- Félvilág
- Directed by: Attila Szász
- Starring: Patricia Kovács Dorka Gryllus
- Country of origin: Hungary
- Original language: Hungarian

Production
- Running time: 88 minutes

Original release
- Release: 30 December 2015

= Demimonde (film) =

Demimonde (Félvilág) is a 2015 Hungarian drama film directed by Attila Szász. It features the story of Elza Mágnás (Emilia Turcsányi), who was killed in 1914 in the water town of Budapest and is well known in contemporary Pest night life. The film itself is based on the events that have taken place and some of the characters are real, but the creators did not seek to reconstruct the original events; the film differs from reality on many points.
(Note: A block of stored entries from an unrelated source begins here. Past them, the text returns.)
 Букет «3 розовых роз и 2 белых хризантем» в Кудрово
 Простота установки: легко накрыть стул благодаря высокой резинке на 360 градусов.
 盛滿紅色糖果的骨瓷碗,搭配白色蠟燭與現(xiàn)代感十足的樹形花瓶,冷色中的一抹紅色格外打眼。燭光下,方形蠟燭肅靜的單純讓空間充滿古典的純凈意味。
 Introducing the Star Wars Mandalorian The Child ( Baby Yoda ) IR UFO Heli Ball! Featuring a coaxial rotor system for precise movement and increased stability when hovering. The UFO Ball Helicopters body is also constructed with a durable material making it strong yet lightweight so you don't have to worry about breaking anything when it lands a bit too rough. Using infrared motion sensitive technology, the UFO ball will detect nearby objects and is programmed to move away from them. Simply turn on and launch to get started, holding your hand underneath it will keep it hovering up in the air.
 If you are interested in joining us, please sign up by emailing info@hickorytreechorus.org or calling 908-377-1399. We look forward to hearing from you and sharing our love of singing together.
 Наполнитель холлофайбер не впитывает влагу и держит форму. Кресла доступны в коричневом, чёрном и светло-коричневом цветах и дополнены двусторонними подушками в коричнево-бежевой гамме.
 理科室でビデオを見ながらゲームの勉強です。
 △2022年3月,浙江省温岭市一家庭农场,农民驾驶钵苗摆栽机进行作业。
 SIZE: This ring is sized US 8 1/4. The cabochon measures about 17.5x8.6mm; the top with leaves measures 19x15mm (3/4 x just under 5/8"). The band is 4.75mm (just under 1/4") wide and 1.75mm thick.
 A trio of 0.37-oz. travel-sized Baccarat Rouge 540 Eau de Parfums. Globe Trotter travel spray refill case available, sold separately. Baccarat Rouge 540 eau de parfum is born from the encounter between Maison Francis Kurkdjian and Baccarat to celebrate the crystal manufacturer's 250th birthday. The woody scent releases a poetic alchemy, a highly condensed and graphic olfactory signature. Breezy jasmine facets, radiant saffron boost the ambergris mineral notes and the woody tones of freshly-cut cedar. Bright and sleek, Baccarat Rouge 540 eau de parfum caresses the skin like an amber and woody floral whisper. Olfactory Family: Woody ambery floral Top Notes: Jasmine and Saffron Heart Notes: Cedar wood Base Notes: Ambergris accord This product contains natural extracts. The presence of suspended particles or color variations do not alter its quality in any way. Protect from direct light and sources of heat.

The screenplay was written by Norbert Köbli, the main characters are played by Patrícia Kovács, Dorka Gryllus, Laura Döbrösi and János Kulka. Other prominent Hungarian actors appear in minor roles, such as Attila Lőte, Irén Bordán, Katalin Takács or Ferenc Elek. Before the film was made, two contributors, Tamás Mink and one of the episode actors, Péter Haás, died, and the creators therefore dedicated the film to their memory.
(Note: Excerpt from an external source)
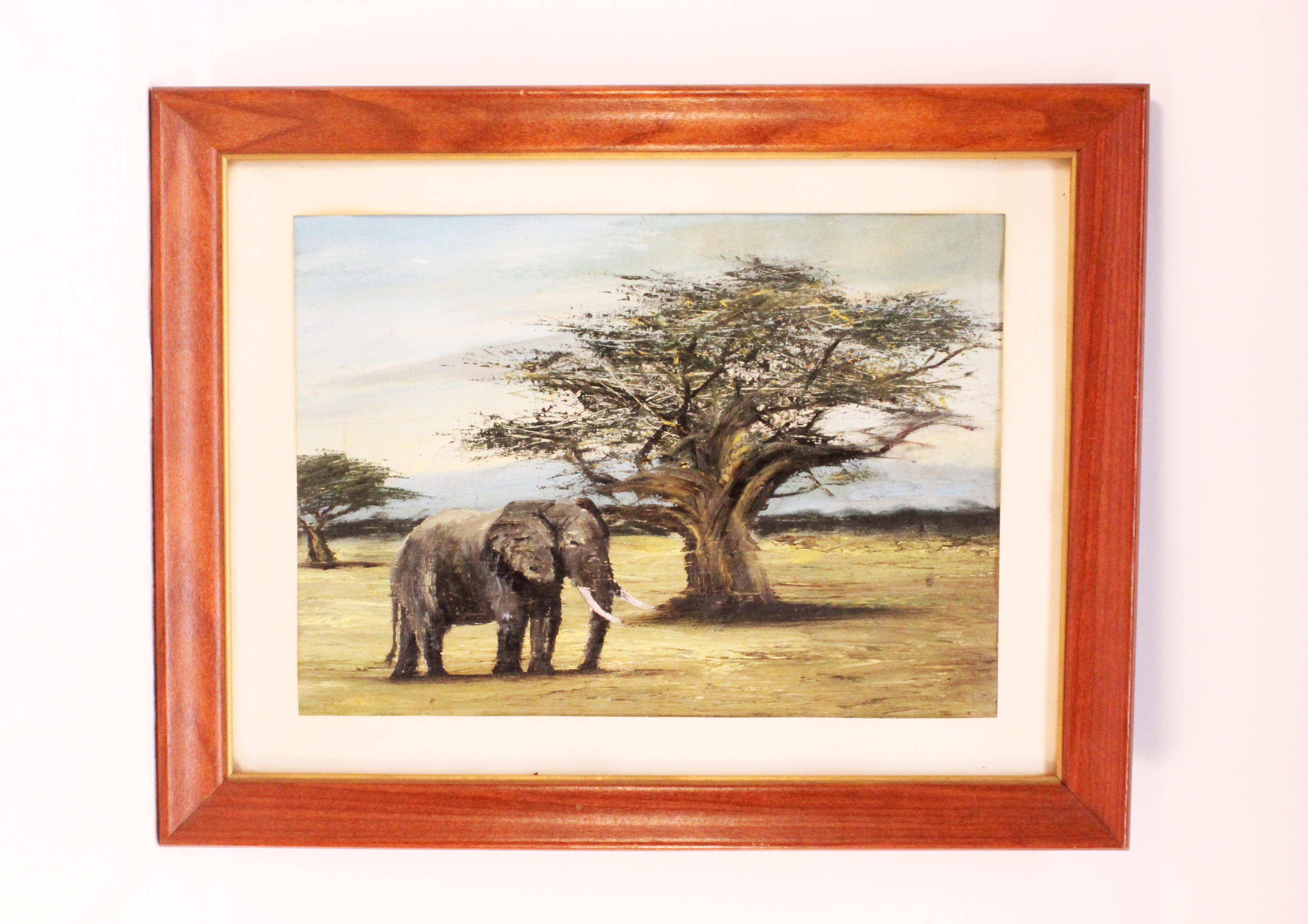 18x14 Oil on canvas matted and framed elephant - full view

The 88-minute film drama was produced with the support of the Media Council's Hungarian Media Patronage Program; was premiered at the Montreal Film Festival on September 6, 2015, and was also introduced at an Indian festival. The first home premiere was on December 8, 2015 at Cinema City MOM Park, and the audience was first seen on the Duna TV show on December 30, 2015.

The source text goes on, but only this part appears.